Well, I have a hard time answering what the difference is between "anslag" and "attack" since I never ever used "anslag" like this, and don't really recall hearing or seeing it in these contexts very often. I would have expected to see "som vid flera tillfällen hade utsatts för utlänningsfientliga _attacker_" so I'm not sure why the choice was made.  I think what Segorian wrote, 'xenophobic aggressions', could work. But I think "attacker" would just generally be more effective as well as clearer as far as writing for the general public is concerned.

The only thing I can think of is if "attack" is perhaps more 'violent' in nature and therefore maybe "anslag" is a bit more broad and would more easily also include things like burning crosses. Burning a cross by itself isn't a violent attack even if it may be the implied message, whereas throwing stones through windows definitely can be called violence. So perhaps that's the difference. I honestly don't know.
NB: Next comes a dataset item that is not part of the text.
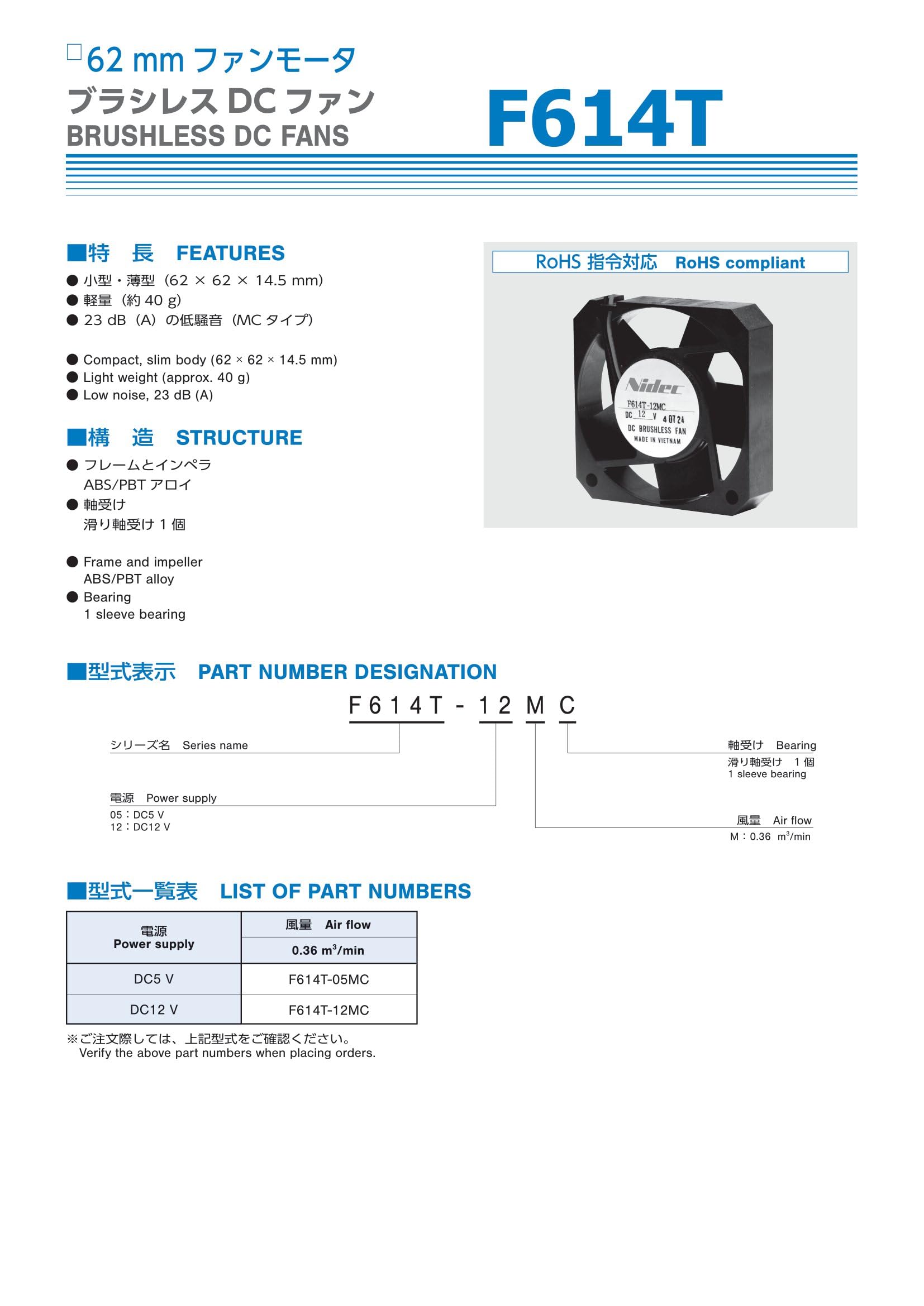 F614T-05MC 5V 62mm角ファンモータ Nidec(ニデックプレシジョン/旧日本電産コパル) 定格電圧(V):5 使用電圧範囲(V):4.5〜5.5 定格電流(A):0.10 回転数(rpm):2,900 風量(m3/min):0.36 静圧(Pa):20
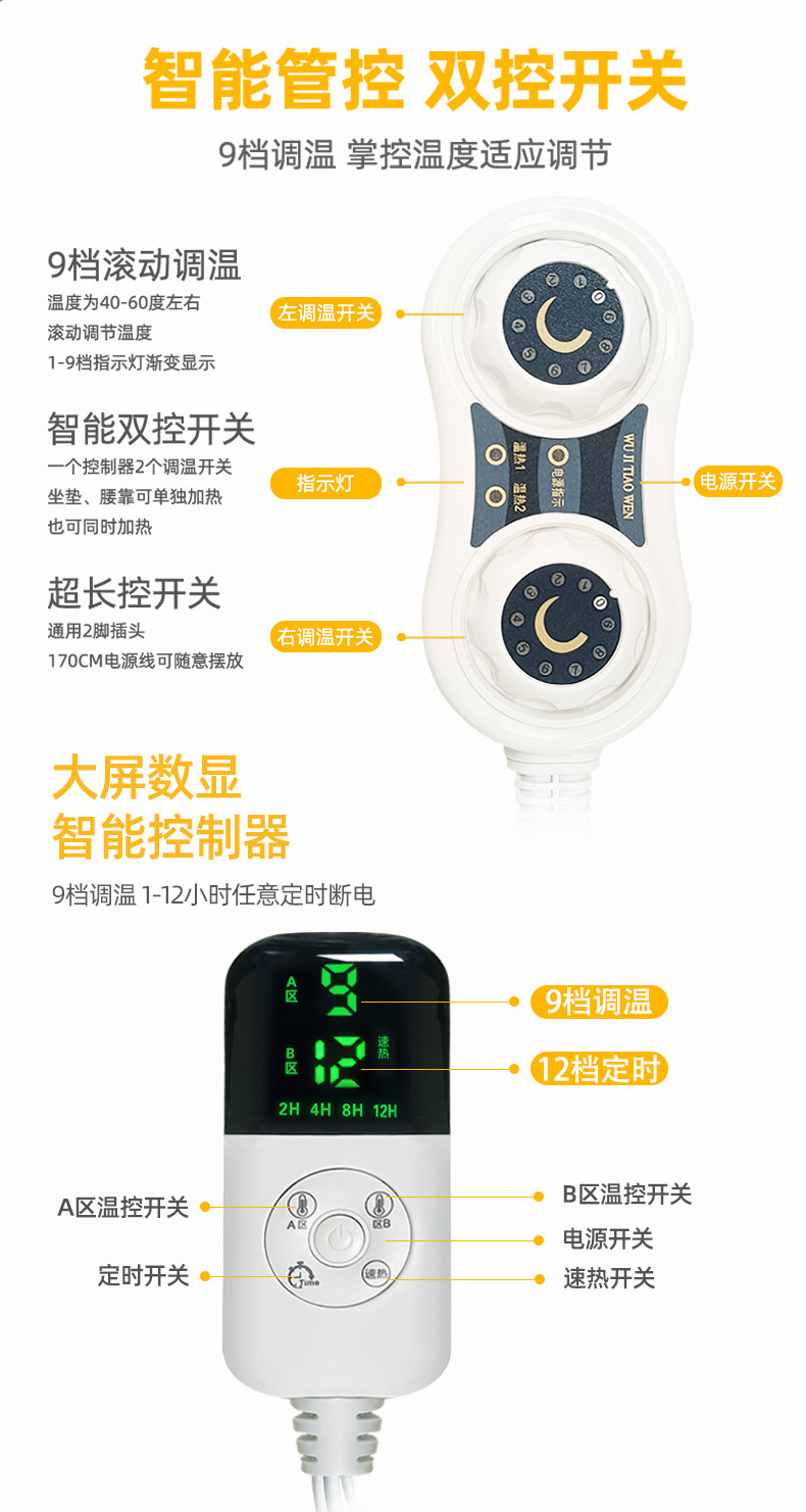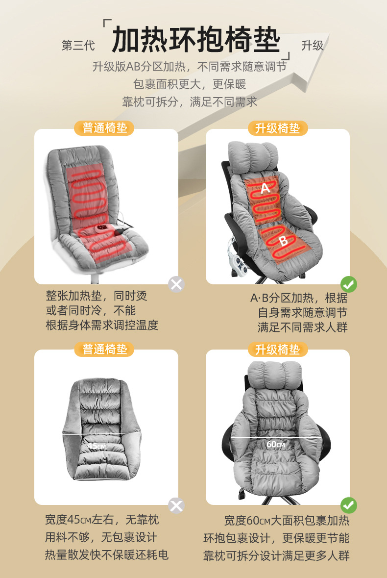 冬季加热坐垫办公室学生家用毛绒保暖坐垫靠背一体椅子垫

My recommendation would be to use "attack" or something similar instead.


----------



## raumar

"Anslag" is also used in Norwegian. There may be some differences between Norwegian and Swedish, but I believe "anslag" in Norwegian assumes some planning or premeditation. A random act of violence would not necessarily be an "anslag".


----------



## Den falska sköldpaddan

_Anslag _in this context is *scheme, intrigue*. It is hardly well chosen here, and few Swedes would us in a sentence like this. _Svensk ordbok_, 1986, has "plan som går ut på att förstöra eller skada", quoting the sentence "han anade intriger och försåt mot sin person och sin maktställning".


----------



## Den falska sköldpaddan

Correction:
_Svensk ordbok_, 1986, under *anslag*, has "plan som går ut på att förstöra eller skada", quoting the sentence "han anade intriger och *anslag* mot sin person och sin maktställning".


----------



## jonquiliser

The brilliant page https://svenska.se lets you search three dictionaries at once, including the historical dictionary SAOB. SAOL gives *4* intrig, sammansvärjning; although like others have pointed out, this is a most uncommon usage.


----------